- _DATASET_
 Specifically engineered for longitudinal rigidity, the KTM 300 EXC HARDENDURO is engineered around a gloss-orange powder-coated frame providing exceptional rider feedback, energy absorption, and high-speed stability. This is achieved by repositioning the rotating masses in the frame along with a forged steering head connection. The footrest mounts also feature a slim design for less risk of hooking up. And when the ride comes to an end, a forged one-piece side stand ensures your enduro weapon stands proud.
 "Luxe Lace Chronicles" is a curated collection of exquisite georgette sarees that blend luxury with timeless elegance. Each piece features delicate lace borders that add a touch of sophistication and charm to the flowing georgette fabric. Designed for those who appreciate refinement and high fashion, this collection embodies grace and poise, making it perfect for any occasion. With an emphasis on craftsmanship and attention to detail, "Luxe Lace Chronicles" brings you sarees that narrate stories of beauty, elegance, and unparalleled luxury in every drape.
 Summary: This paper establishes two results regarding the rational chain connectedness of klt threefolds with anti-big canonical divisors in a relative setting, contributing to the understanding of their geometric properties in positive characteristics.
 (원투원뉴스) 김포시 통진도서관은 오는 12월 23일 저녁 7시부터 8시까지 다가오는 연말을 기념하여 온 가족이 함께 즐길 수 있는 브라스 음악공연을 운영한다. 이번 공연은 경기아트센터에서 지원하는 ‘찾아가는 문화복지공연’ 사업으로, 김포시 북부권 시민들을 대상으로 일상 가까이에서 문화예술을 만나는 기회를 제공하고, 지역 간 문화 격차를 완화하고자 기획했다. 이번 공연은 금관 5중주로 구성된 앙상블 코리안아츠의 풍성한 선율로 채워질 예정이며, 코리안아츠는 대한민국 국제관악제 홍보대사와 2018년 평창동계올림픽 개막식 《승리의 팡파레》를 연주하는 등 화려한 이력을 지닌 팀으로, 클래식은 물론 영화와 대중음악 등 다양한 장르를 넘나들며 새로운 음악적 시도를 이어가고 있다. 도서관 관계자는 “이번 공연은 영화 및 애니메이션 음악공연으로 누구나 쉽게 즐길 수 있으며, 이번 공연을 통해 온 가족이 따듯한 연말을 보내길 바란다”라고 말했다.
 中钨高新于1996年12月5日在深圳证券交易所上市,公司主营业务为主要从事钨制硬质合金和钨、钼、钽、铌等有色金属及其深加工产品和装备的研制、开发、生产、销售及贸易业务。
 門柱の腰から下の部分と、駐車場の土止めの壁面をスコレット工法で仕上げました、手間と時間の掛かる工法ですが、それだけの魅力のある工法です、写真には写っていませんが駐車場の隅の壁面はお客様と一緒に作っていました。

- _WHAT TO WORK ON_
The complete listing is to be repeated word for word.

- _WRITTEN RESPONSE_
 Specifically engineered for longitudinal rigidity, the KTM 300 EXC HARDENDURO is engineered around a gloss-orange powder-coated frame providing exceptional rider feedback, energy absorption, and high-speed stability. This is achieved by repositioning the rotating masses in the frame along with a forged steering head connection. The footrest mounts also feature a slim design for less risk of hooking up. And when the ride comes to an end, a forged one-piece side stand ensures your enduro weapon stands proud.
 "Luxe Lace Chronicles" is a curated collection of exquisite georgette sarees that blend luxury with timeless elegance. Each piece features delicate lace borders that add a touch of sophistication and charm to the flowing georgette fabric. Designed for those who appreciate refinement and high fashion, this collection embodies grace and poise, making it perfect for any occasion. With an emphasis on craftsmanship and attention to detail, "Luxe Lace Chronicles" brings you sarees that narrate stories of beauty, elegance, and unparalleled luxury in every drape.
 Summary: This paper establishes two results regarding the rational chain connectedness of klt threefolds with anti-big canonical divisors in a relative setting, contributing to the understanding of their geometric properties in positive characteristics.
 (원투원뉴스) 김포시 통진도서관은 오는 12월 23일 저녁 7시부터 8시까지 다가오는 연말을 기념하여 온 가족이 함께 즐길 수 있는 브라스 음악공연을 운영한다. 이번 공연은 경기아트센터에서 지원하는 ‘찾아가는 문화복지공연’ 사업으로, 김포시 북부권 시민들을 대상으로 일상 가까이에서 문화예술을 만나는 기회를 제공하고, 지역 간 문화 격차를 완화하고자 기획했다. 이번 공연은 금관 5중주로 구성된 앙상블 코리안아츠의 풍성한 선율로 채워질 예정이며, 코리안아츠는 대한민국 국제관악제 홍보대사와 2018년 평창동계올림픽 개막식 《승리의 팡파레》를 연주하는 등 화려한 이력을 지닌 팀으로, 클래식은 물론 영화와 대중음악 등 다양한 장르를 넘나들며 새로운 음악적 시도를 이어가고 있다. 도서관 관계자는 “이번 공연은 영화 및 애니메이션 음악공연으로 누구나 쉽게 즐길 수 있으며, 이번 공연을 통해 온 가족이 따듯한 연말을 보내길 바란다”라고 말했다.
 中钨高新于1996年12月5日在深圳证券交易所上市,公司主营业务为主要从事钨制硬质合金和钨、钼、钽、铌等有色金属及其深加工产品和装备的研制、开发、生产、销售及贸易业务。
 門柱の腰から下の部分と、駐車場の土止めの壁面をスコレット工法で仕上げました、手間と時間の掛かる工法ですが、それだけの魅力のある工法です、写真には写っていませんが駐車場の隅の壁面はお客様と一緒に作っていました。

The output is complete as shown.